Er was een tijd, zeer lang geleden, dat vrouwen in onze kerken ook een hoofddoek moesten dragen, zowat om dezelfde reden, ze mochten de mannen het hoofd niet op hol brengen, onder het mom respectvol te zijn voor God. Buiten de kerk waren er nog wat oudjes en arme mensen die een hoofddoek droegen, mensen die niet naar de kapper konden, maar de andere vrouwen mochten buiten de kerk, de mooie haren waarmee God, of de evolutie als je wilt, ze geschapen had, vrijelijk tonen. Mooi om naar te lijken toch?
Eigenlijk is het verschrikkelijk arrogant om te denken, dat de allochtonen, als we ze nog zo mogen noemen, vermits ze hier zijn, ook hier zullen blijven en dat het maar beter is dat we aan de gedachte wennen, want vermenging van de volkeren is een goede zaak, we leven immers tezamen op moeder aarde. Hiermee stigmatiseren we iedereen die anders denkt. Zij die denken, dat het de allochtonen zich aan onze taal, aan onze cultuur moeten aanpassen, zijn echt geen minderheid, maar stilaan monddood gemaakt.
Hoe arrogant mag iemand zijn, die denkt dat in een land, dat in zijn oorsprong geen moslimland is, hij zijn gebruiken en godsdienst mag opdringen, tot in de openbare dienst, of tot op de werkvloer.
Wel, hij denkt dat, omdat hij weet, dat het land tolerant wil zijn. Hij heeft de arrogantie, zich op die tolerantie te beroepen, terwijl in zijn land van oorsprong, democratie en tolerantie soms ver te zoeken zijn
Hoe lang zal het duren denkt U, voordat delen van de Sjaira, binnendringen in onze wetgeving. Vermits we democratisch zijn is dat in theorie slechts een kwestie van genoeg vertegenwoordiging te hebben, in het overheidsapparaat.

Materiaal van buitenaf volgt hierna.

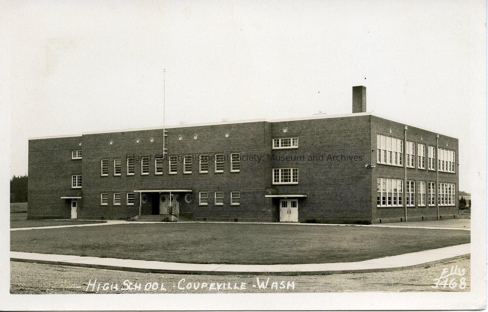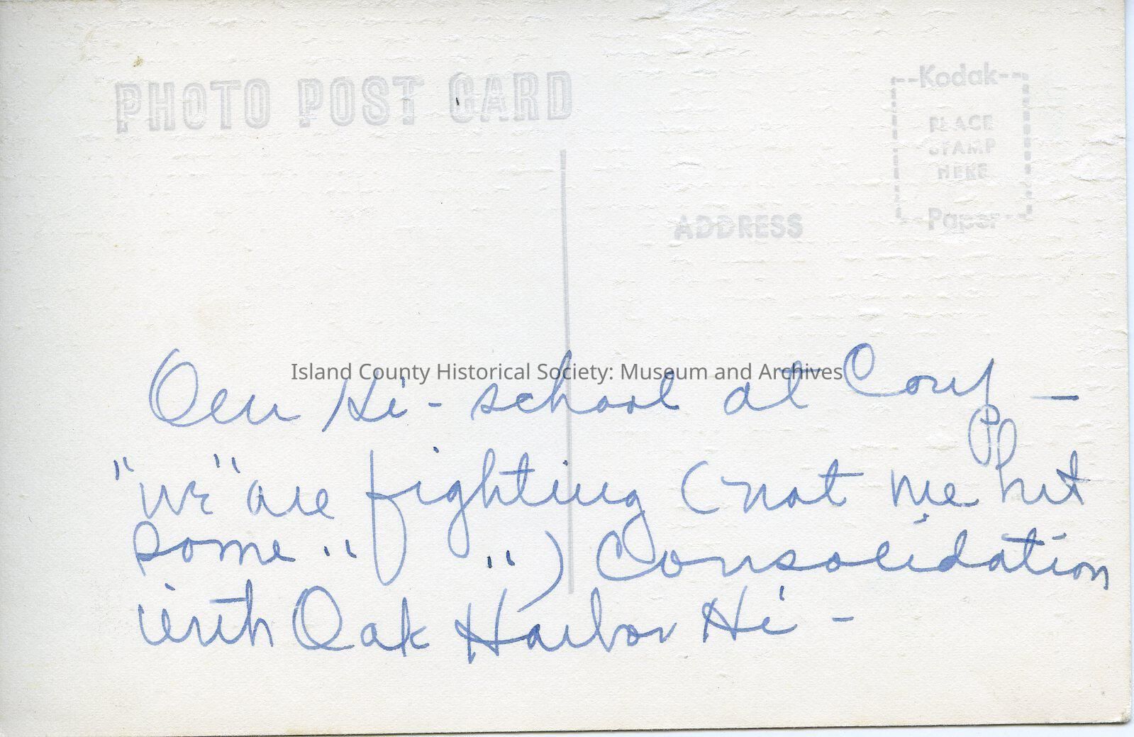 Postcard of Coupeville High School. Caption: High School - Coupeville, Wash. On the back: "Our Hi-school at Coup - "we" are fighting (not me but some " " (are fighting)) consolidation with Oak Harbor Hi - "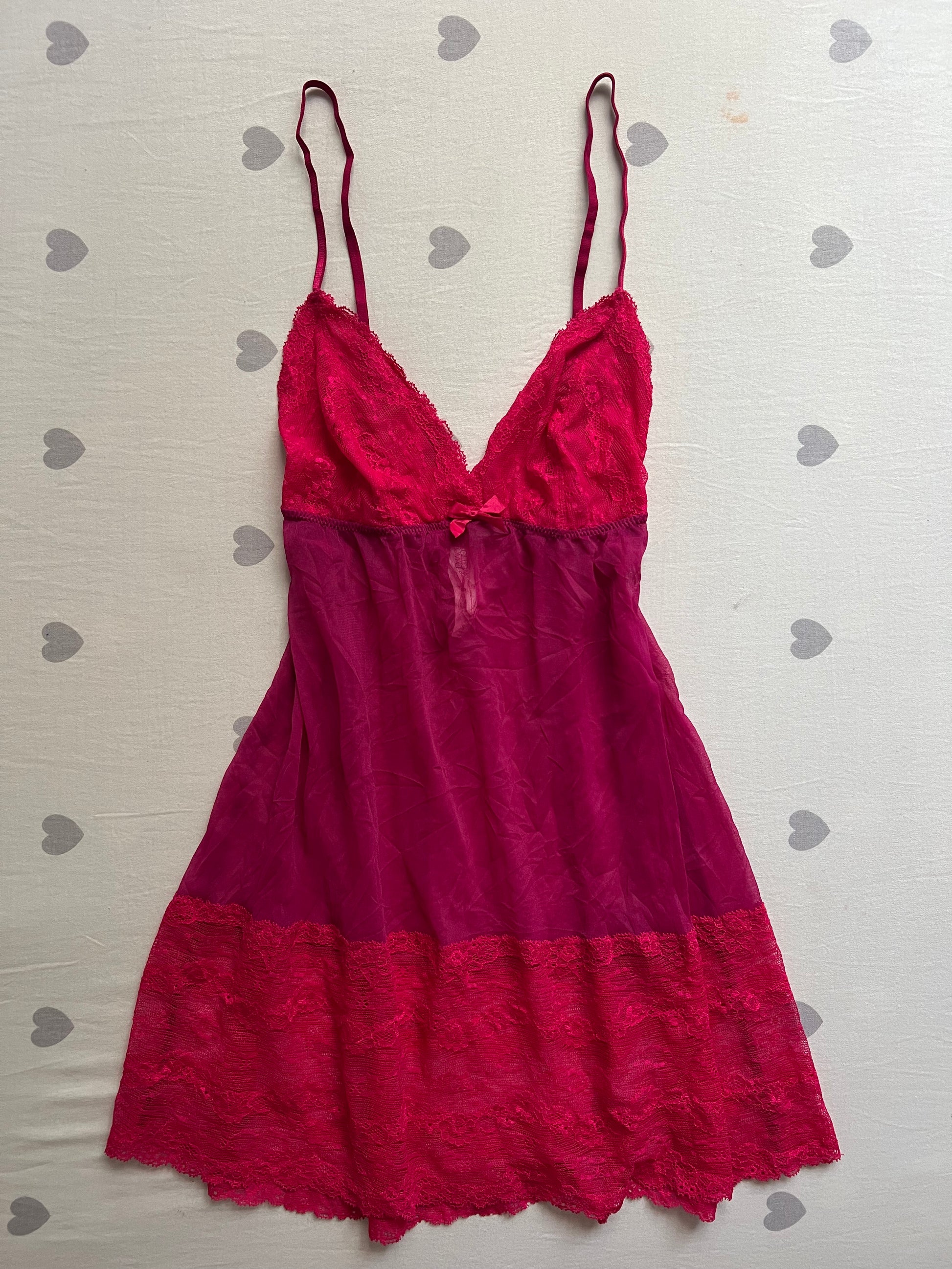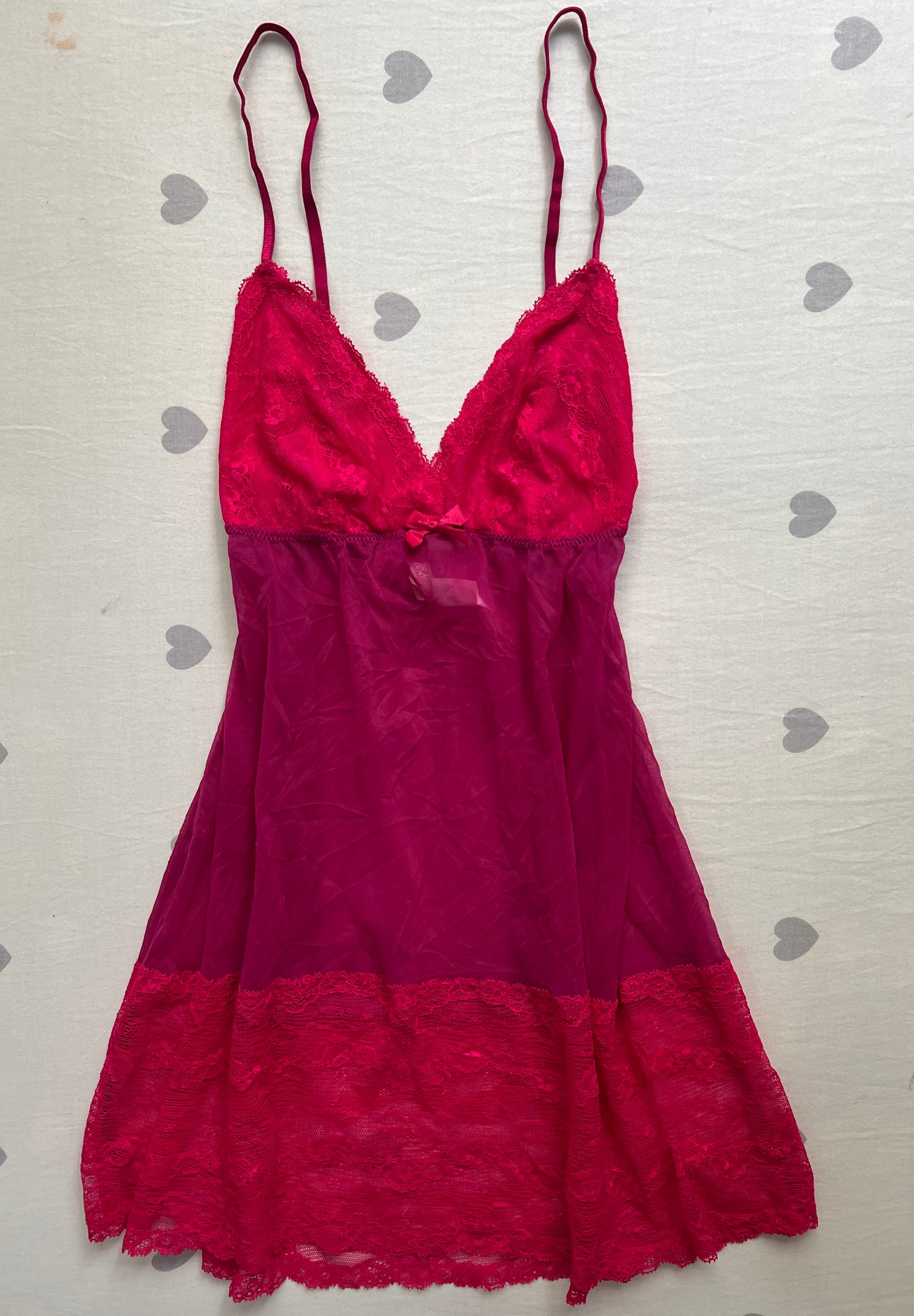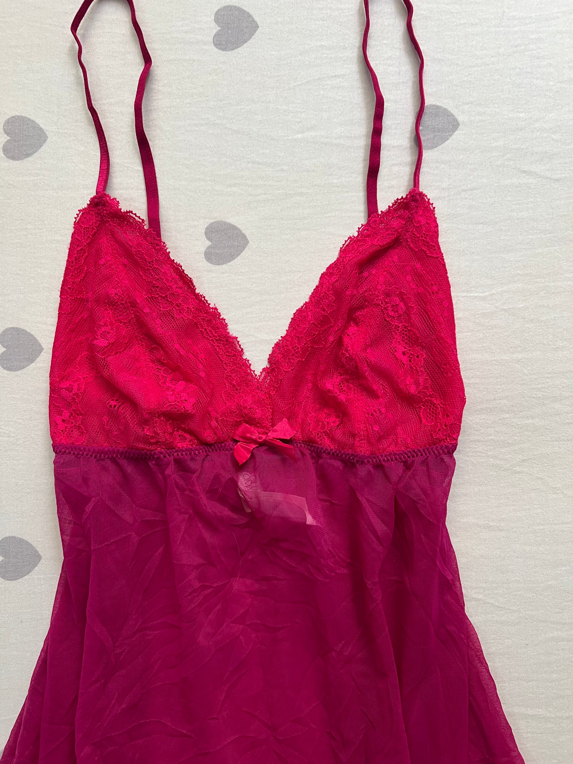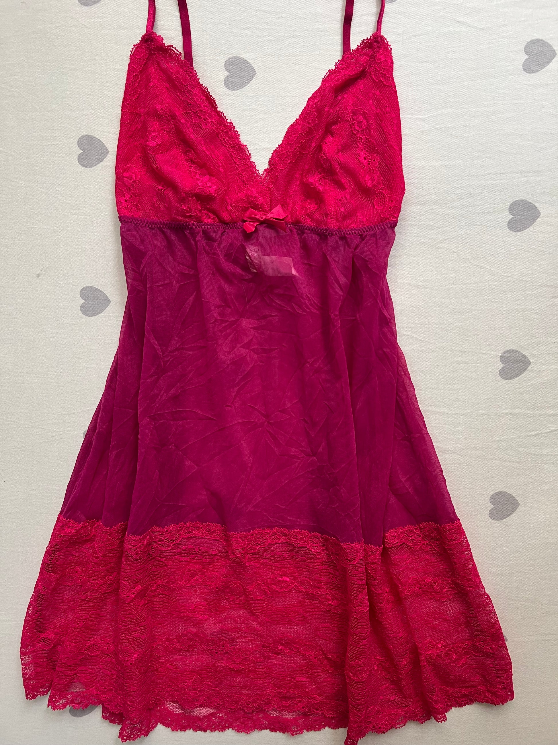 Description: pink baby doll chemise lingerie dress with lace trims. Fits as a dress. Has a flowy silhouette.

Men vraagt onze gemeenschap zich aan te passen aan hen. Dat zij zich moeten aanpassen aan het land en het volk waar ze hun leven willen doorbrengen is niet meer dan vanzelfsprekend, maar voor hen moeilijk aanvaardbaar, blijkbaar zelfs een belemmering van hun godsdienstbeleving.
Het is spijtig dat wij, onze kruisen uit scholen en officiële gebouwen hebben gehaald, in naam van een seculiere maatschappij. Wij hebben daarmee onze katholieke afkomst verloochend, onze kerken belachelijk gemaakt, zodat deze nu leeg zijn, want God, ach God bestond immers niet, zegden de intellectuelen. Nu durven diezelfde intellectuelen dat niet zeggen over Allah, uit angst voor het fundamentalisme.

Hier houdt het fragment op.